30 March 2010

How Many Plot-lines Does Your Story Have?

After nearly 10 years of providing Plot Consultations to writers all over the world, I have come to appreciate the varied ways writers approach the writing process and write. Last week and this, I have had the honor of working with a writer with a unique approach.

He has at least five plot lines going on (nothing unusual there):
  • Character Emotional Development = inner
  • Dramatic Action = murder mystery = outer
  • Thematic Significance
  • Orphan story
  • Romance 
I first consulted with this writer nearly a year and a half ago. Then, he had a strong character emotional development or internal plot line with very little in terms of the external murder mystery plot. Since then, he has worked non-stop developing well-thought out plot lines for each of the elements most important to his story. For each of the six suspects, he developed complex back stories, motives, and alibis. The pre-work he has done is awe-inspiring.

So why come to me? He needed help weaving all the plot lines together into a suspenseful and exciting, poignant and emotional story.

His Plot Planner is likely the longest one I have ever created for another writer -- my personal Plot Planners always tend to be on the loooong side.

This writer has a two-week vacation coming up in a week. With the plan in front of him, he has only to write each next scene as they appear on the Plot Planner. No need to use his linear, logical, critical side of his brain at all. He's done all that.

Now is the time to write.

Simply write what is in front of him.

Get a first draft on the page.

Let it rest.

Rewrite at least once.

Then send out to the waiting agent and editor....

Sounds like heaven to me.

Inspired process. True dedication. Professional approach. Amazing story.

I wish him all the success in the world!!

(For any of you curious about how I come by putting the puzzle pieces together:
Jigsaw Puzzles, Not Everyone Likes Them )

(For a bit about how to create your own Plot Planner with multiple plot lines:
Plot Writing )

25 March 2010

Silence the Beastie Critic in You

Two plot consultations in two days with two writers struggling with the same dilemma I see more than any other and could very well be the deadliest writers' flaw of all. An overzealous critic silences the creative process in general and especially so in the first draft.

2 Bits of Advice: 

1) I encourage you to keep going. Do not go back and start again. Rather, pick up where you left off and write all the way through to the end. Write early in the morning before the critic has awakened -- your beast, so to speak. Do not read what you've written. 

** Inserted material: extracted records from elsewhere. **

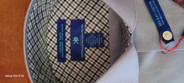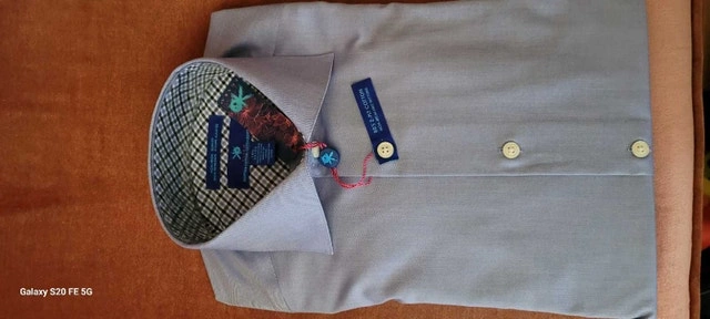 Selling a high-quality Egara slim fit dress shirt made from 80s 2-ply Egyptian cotton. Purchased from Moores. This is a non-iron shirt—very comfortable, breathable, and perfect for work, formal events, or business wear.
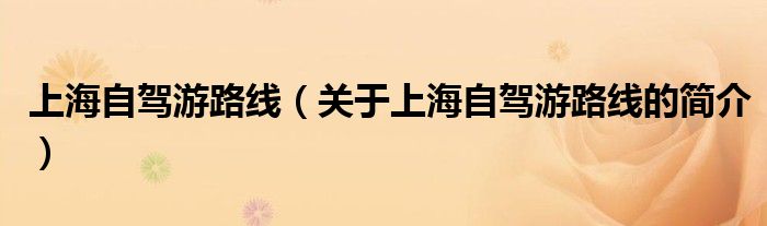 本文關于上海自駕游路線的簡介就講解完畢,希望對大家有所幫助。
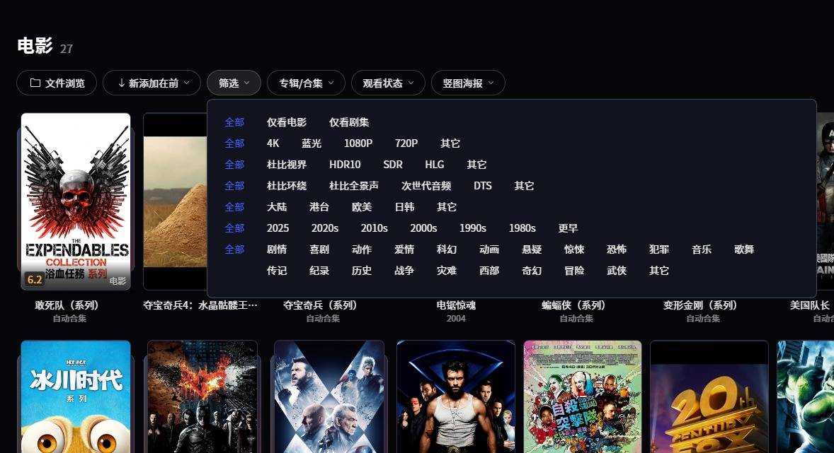 而最让笔者喜欢的是它的分类和筛选功能,可以按类型、年份、地区、甚至导演和演员来快速找到想看的影片。这种掌控自己影视库的感觉,实在是太棒了!

2) Give yourself positive affirmations about your writing. Write them on post-it notes and post all over the house = on your bathroom mirror, the refrig, etc. Tell yourself:
  • I am a great writer
  • I enjoy the creative process of writing my thoughts down on paper for others to enjoy
  • I marvel at my ability to fill up a blank page with valuable information
  • I am grateful for the creative muse to visit me and inspire me and allow words to flow from me to the page. 
Continue with your own messages to yourself.

Reprogram your belief system. Don't give in to the belief that you are not good enough, that you are not a writer or whatever else you are now currently saying to yourself. See yourself sitting down writing and enjoying the process, enjoying seeing the words flow, enjoying seeing your imagination become reality. Visualize this over and over and over again as you're driving, brushing your teeth, hanging out. Believe in yourself as a writer.

At first it will feel false, soon it will be real.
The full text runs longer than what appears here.